Pedonalizzazione, per Sbic le intenzioni sono buone, ma il metodo è del tutto sbagliato

Sulla pedonalizzazione intervengono con una lunga nota i consiglieri di minoranza Maurizio Balassone e Fabio Pingue: “Se le intenzioni sono buone, il metodo è del tutto sbagliato e, anzi, può persino essere controproducente”.

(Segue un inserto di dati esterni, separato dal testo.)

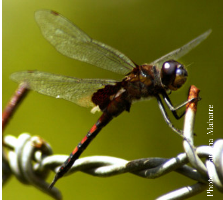
Black Marsh Trotter

Breeds in ponds, marshes and tanks. Flight season: Throughout the year. Distribution: Widely distributed in Ethiopian and Oriental region.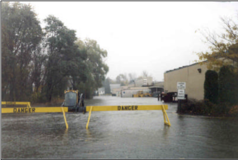
Urban flooding prior to the Sawyer Brook project.

The City has benefited from 404 funds for structural improvements and continues to invest local dollars to complement and supplement the Project Impact goals. These include significant funds and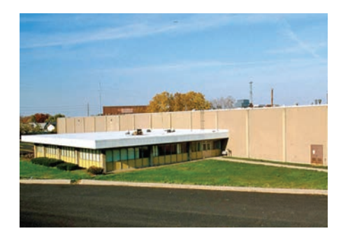
7000 Denison Avenue Cleveland, Ohio

103,830 SF Industrial Sale Seller Representation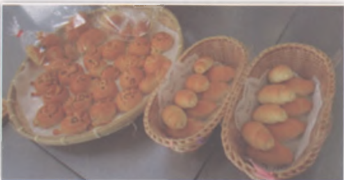
Sweet and cute bread

The infrastructure for the workshop is subsidised by the government and the group uses it's own resources as well. They pay 13% commission to JA for using JA Direct Farmers Market outlet. The annual turnover is US$ 400,000 or Japanese Yen 400 million.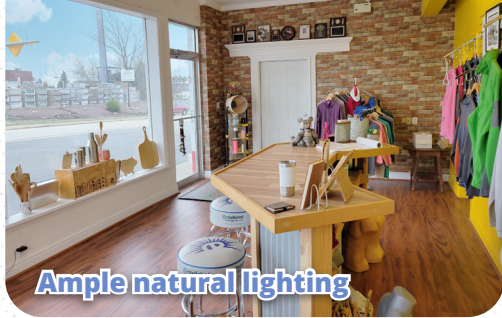
Ample natural lighting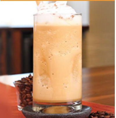
Horchata Mocha Frappé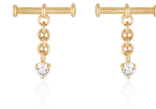
Permanence Gemstone Chain Drops, Single/Pair, 14K YG Birthstones $162/$324 White Diamond $172/$344

“Sulla questione della pedonalizzazione del centro storico e più in generale sul metodo di democrazia partecipata non ci si può affidare all’improvvisazione” non occorre uno scienziato per questo, almeno così dovrebbe essere in un Paese normale. Aggiungono i consiglieri di Sulmona bene in comune: “Il questionario ci sembra riduca la complessità di una questione, come quella della vita nel centro storico, a sei domande rigidamente formulate a nostro giudizio con la mancanza di un‘idea di base, un’idea guida. La partecipazione, come abbiamo dimostrato nel nostro incontro e nel dibattito che ne è seguito, ha bisogno di professionalità, su cui pure SBIC, lo scorso anno, con un emendamento al bilancio, aveva chiesto di investire. Solo le professionalità sono in grado di formulare correttamente le domande e in grado di tirar fuori dalle risposte e dal quadro conseguente le reali necessità, i bisogni più veri, anche se non direttamente palesati, tanto da poter esser letti e interpretati come veri e cogenti da chi possiede gli strumenti intellettuali e le relative capacita professionali. Non certo poche domande somministrate senza alcuna base statistica e scientifica e che espongono al rischio di falsare completamente il sentire della cittadinanza. Il questionario è cosi misero nella sua articolazione e cosi riduttivo che per esempio tralascia completamente un dato fondamentale della fase delle interviste e cioè il fattore umano e la possibilità, da parte dell’intervistatore, di articolare le domande e d’interagire con l’intervistato e con quello che man mano viene fuori dall’intervista. E’ vero che questo è un processo lungo e complesso ma la buona politica e la buona amministrazione hanno bisogno ogni volta di andare al cuore del problema e cercare le soluzioni più appropriate, anche se queste potrebbero costare qualche spot in meno.